** Exercise goal **
Among the records that follow, set down only the lines from the one containing "- الموقع يتيح" to the one containing "Сыр President Бри", both included, exactly.

** Supplied records **
════════════════

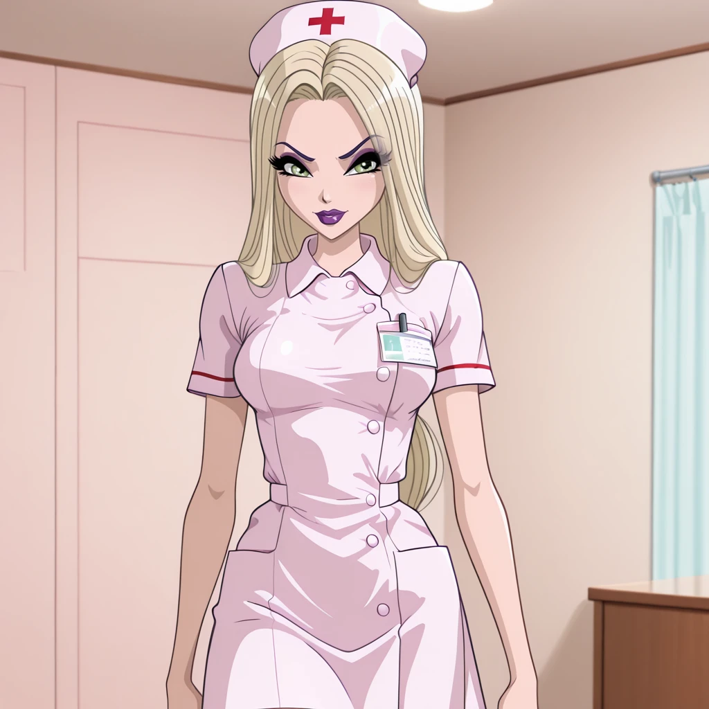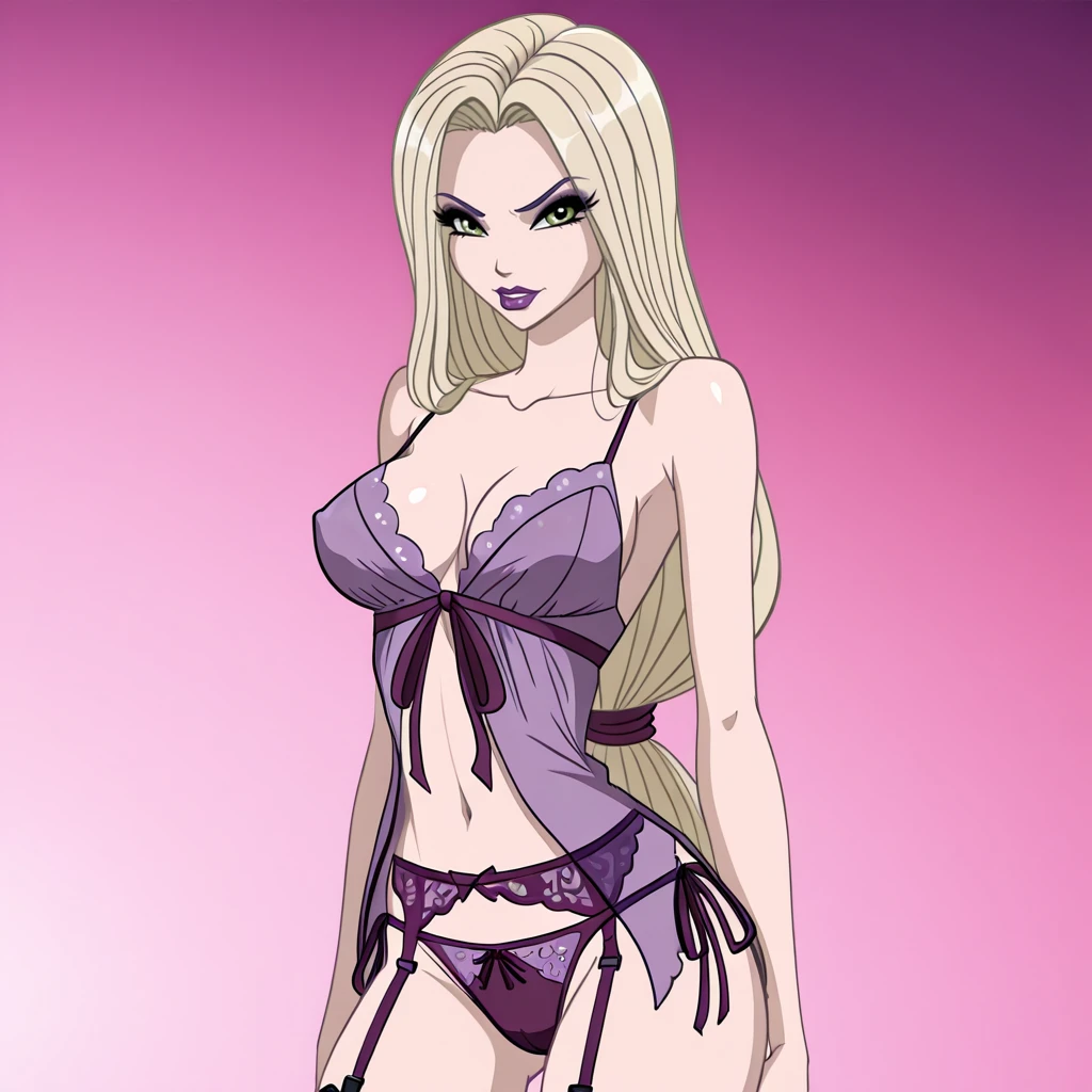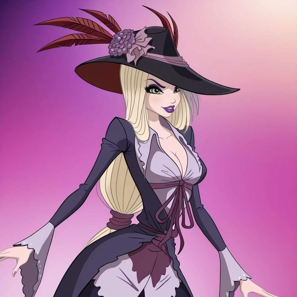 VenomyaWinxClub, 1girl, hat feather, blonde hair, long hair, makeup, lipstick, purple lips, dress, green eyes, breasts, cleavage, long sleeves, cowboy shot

════════════════

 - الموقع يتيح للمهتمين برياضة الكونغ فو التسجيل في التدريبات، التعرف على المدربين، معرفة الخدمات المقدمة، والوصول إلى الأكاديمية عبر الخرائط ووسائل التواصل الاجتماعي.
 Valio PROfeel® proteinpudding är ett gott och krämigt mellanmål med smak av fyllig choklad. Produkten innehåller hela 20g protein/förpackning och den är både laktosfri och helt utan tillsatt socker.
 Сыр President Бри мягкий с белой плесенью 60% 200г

════════════════

** Written answer **
 - الموقع يتيح للمهتمين برياضة الكونغ فو التسجيل في التدريبات، التعرف على المدربين، معرفة الخدمات المقدمة، والوصول إلى الأكاديمية عبر الخرائط ووسائل التواصل الاجتماعي.
 Valio PROfeel® proteinpudding är ett gott och krämigt mellanmål med smak av fyllig choklad. Produkten innehåller hela 20g protein/förpackning och den är både laktosfri och helt utan tillsatt socker.
 Сыр President Бри мягкий с белой плесенью 60% 200г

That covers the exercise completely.